__What you have to do__
Pictures are to be left out, and only the lines below starting at the one with "刷取这个奖励的阪神新手级比赛" and ending at the one with "Das neue Parkhaus" are to be reproduced, each exactly, both ends included.

__Data__
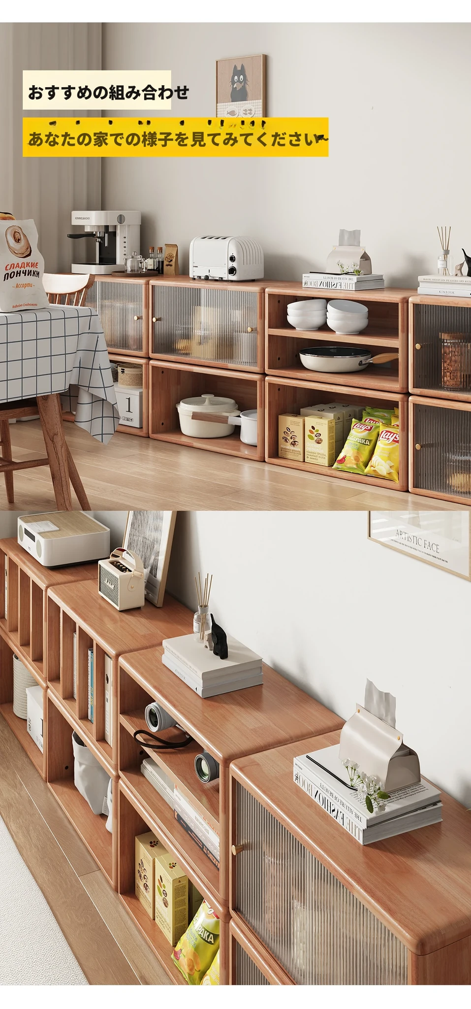 A型ガラス扉丨三夢コンビネーションキャビネット(チェリーカラー)
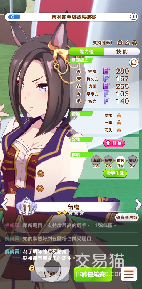 刷取这个奖励的阪神新手级比赛,基本上是每个玩家们前期出道以后,可以在比赛界面找到的初期比赛,虽然名字是g1比赛,但整体难度并不算大,可以说是含金量较小的记忆比赛了,只要角色们本身的练度足够,还是很容易能刷的到的。
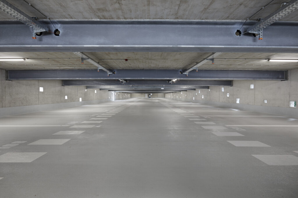 Das neue Parkhaus des „Zentrum Bayern Familie und Soziales“ in Nürnberg ist fertig: Klare Kubatur und ohne zusätzliche Rampe.
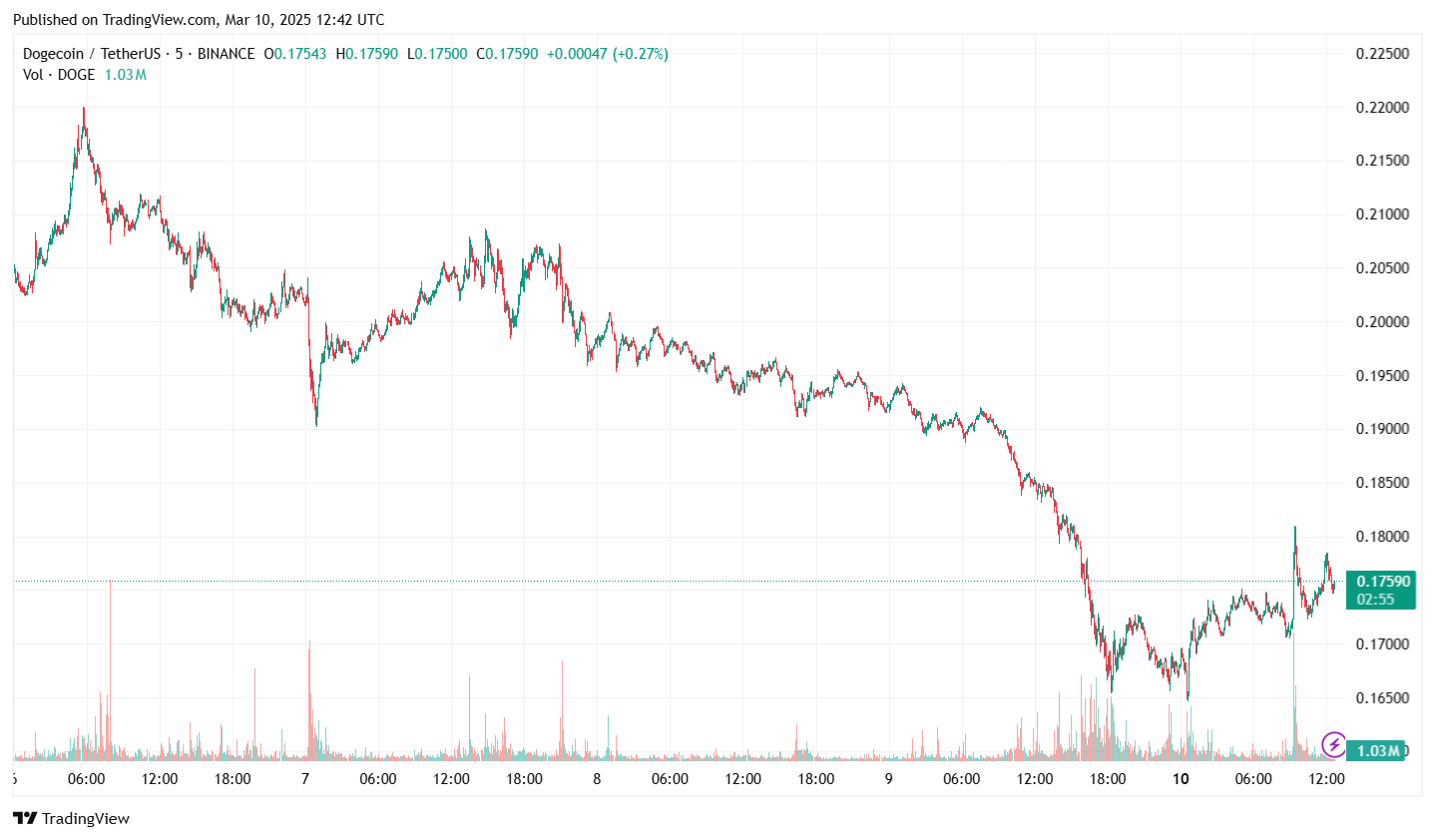 На момент написания, Dogecoin плавает около 0,176 долл. США, снизившись более чем на 20% за последние семь дней.
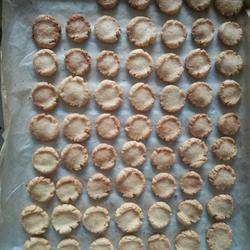 3.Because the biscuit mold is gone, we can only make this kind of small biscuits.Just pinch the dough a little, form it into a dough, and press it directly in the middle.Like some margarita cookies.Heat up and down to 190 degrees, the time depends on your oven, mine is 12 minutes.
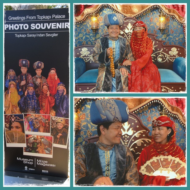 Di bagian taman umum Topkapi yang gratis itu, ada toko souvenir dan studio foto untuk berkostum serupa Sultan dan kostum bangsawan jaman Ottoman dahulu. Menarik nih, tapi waktunya udah ga keburu. Oke, nanti saja setelah tour selesai, kami akan kembali lagi ke sini untuk berfoto di studio ini. Maklum, kami sangat suka memiliki souvenir berupa foto dengan kostum negara setempat.
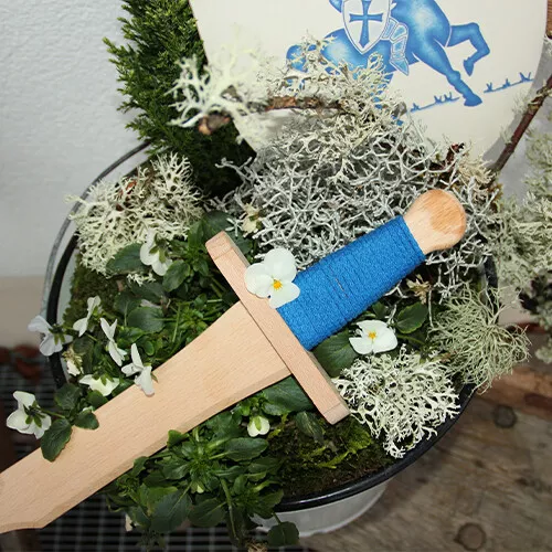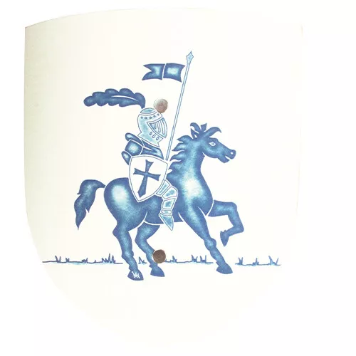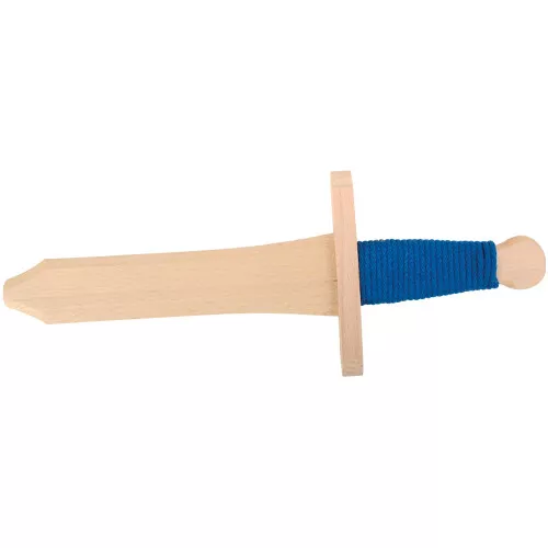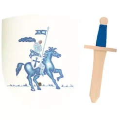 Het kleine zwaard heeft een omwikkeld gevest van blauw koord. Het heeft afgeronde randen en een stompe neus en ligt prettig in kinderhanden. Het speelgoedschild is licht gebogen en is beschilderd met een blauwe ridder te paard. Aan de achterkant heeft het speelgoedschild een leren band waarmee het schild om de arm gehangen kan worden. Zó kan een ridder probleemloos de klappen opvangen en zichzelf verdedigen.
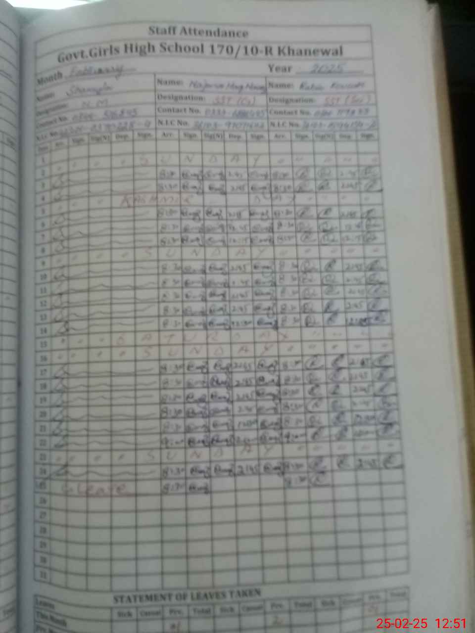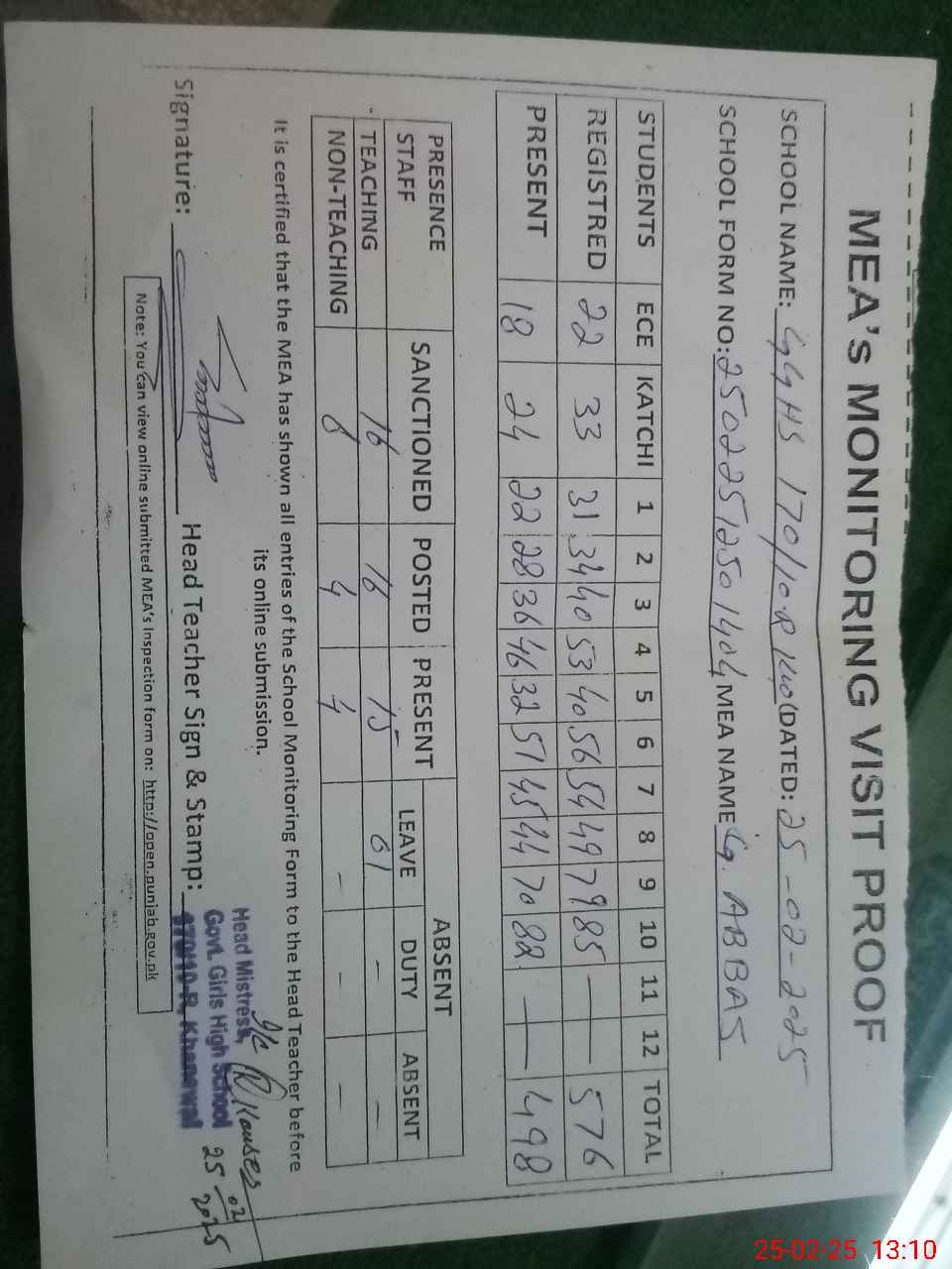 | EMIS Code: 36420094 | Name of School: GGHS 170/10-R, KHANEWAL | |||
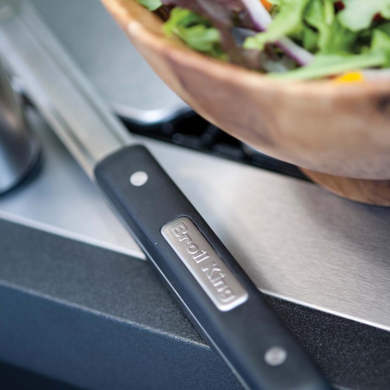 Професійний набір інструментів для гриля від компанії Broil King включає в себе лопатку, щипці, грубу металеву щітку, а також силіконовий пензлик. Всі інструменти виконані з високоякісної міцної нержавіючої сталі, якість якої задовольнить навіть самих вимогливих користувачів та оснащені ергономічними ручками з термостійкого бакеліту, які дадуть можливість безпечно працювати на грилі навіть при дуже високих температурах. Набір включає 4 предмети. Матеріал: високоякісна нержавіюча сталь. Матеріал ручок: термостійкий бакеліт. Матеріал пензлика: термостійкий харчовий силікон. Товщина металу: 1,8 мм.
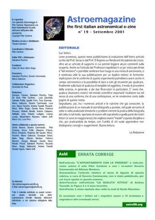 Il numero di settembre 2001 di Astroemagazine include articoli su vari temi astronomici, comprese osservazioni su batteri fossili e astrofotografia. Viene presentata anche una traduzione di un articolo scientifico riguardante implicazioni per la comunità astronomica. Il numero contiene notizie, annunci e l'almanacco con i dettagli sulle osservazioni astronomiche per il mese.
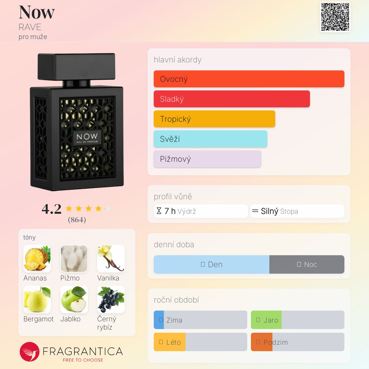 Now podle RAVE je Woody Aromatic vůně pro muže. Toto je nová vůně. Now byl/a uveden/a v roce 2022. Vrchní tóny jsou Ananas, Bergamot, Jablko a Černý rybíz; střední tóny jsouBříza, Pačuli, Marocký jasmín a Růže ; základní tóny jsou Pižmo, Vanilka, Dubový mech a Ambra.
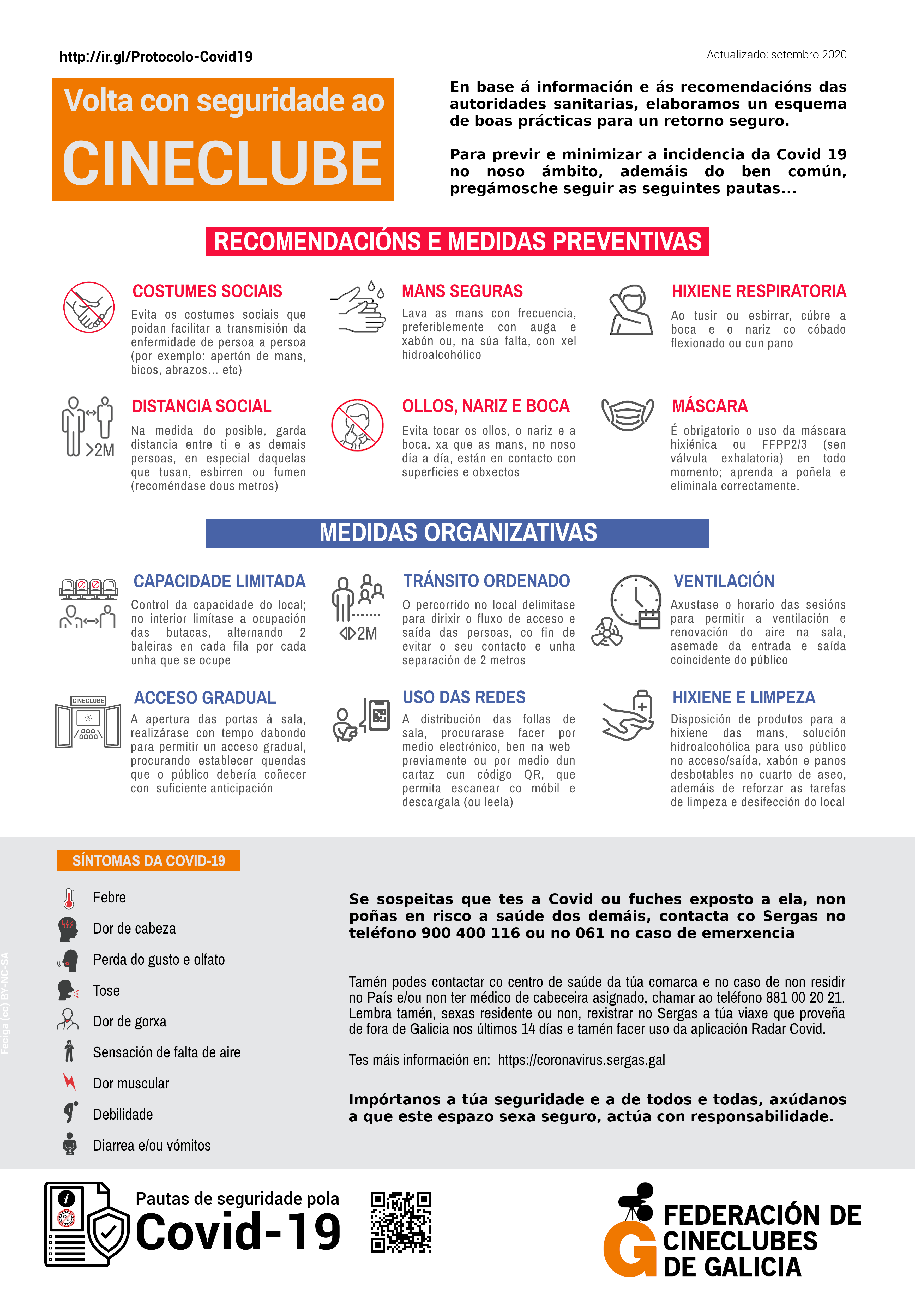 En base á información e ás recomendacións das autoridades sanitarias, os cineclubes de Galicia elaboraron un esquema de boas prácticas para un retorno seguro a súas actividades. Dito documento (en permanente actualización) está disponíbel para a súa consulta (e descarga) no enderezo:

__Problem solution__
 刷取这个奖励的阪神新手级比赛,基本上是每个玩家们前期出道以后,可以在比赛界面找到的初期比赛,虽然名字是g1比赛,但整体难度并不算大,可以说是含金量较小的记忆比赛了,只要角色们本身的练度足够,还是很容易能刷的到的。
 Das neue Parkhaus des „Zentrum Bayern Familie und Soziales“ in Nürnberg ist fertig: Klare Kubatur und ohne zusätzliche Rampe.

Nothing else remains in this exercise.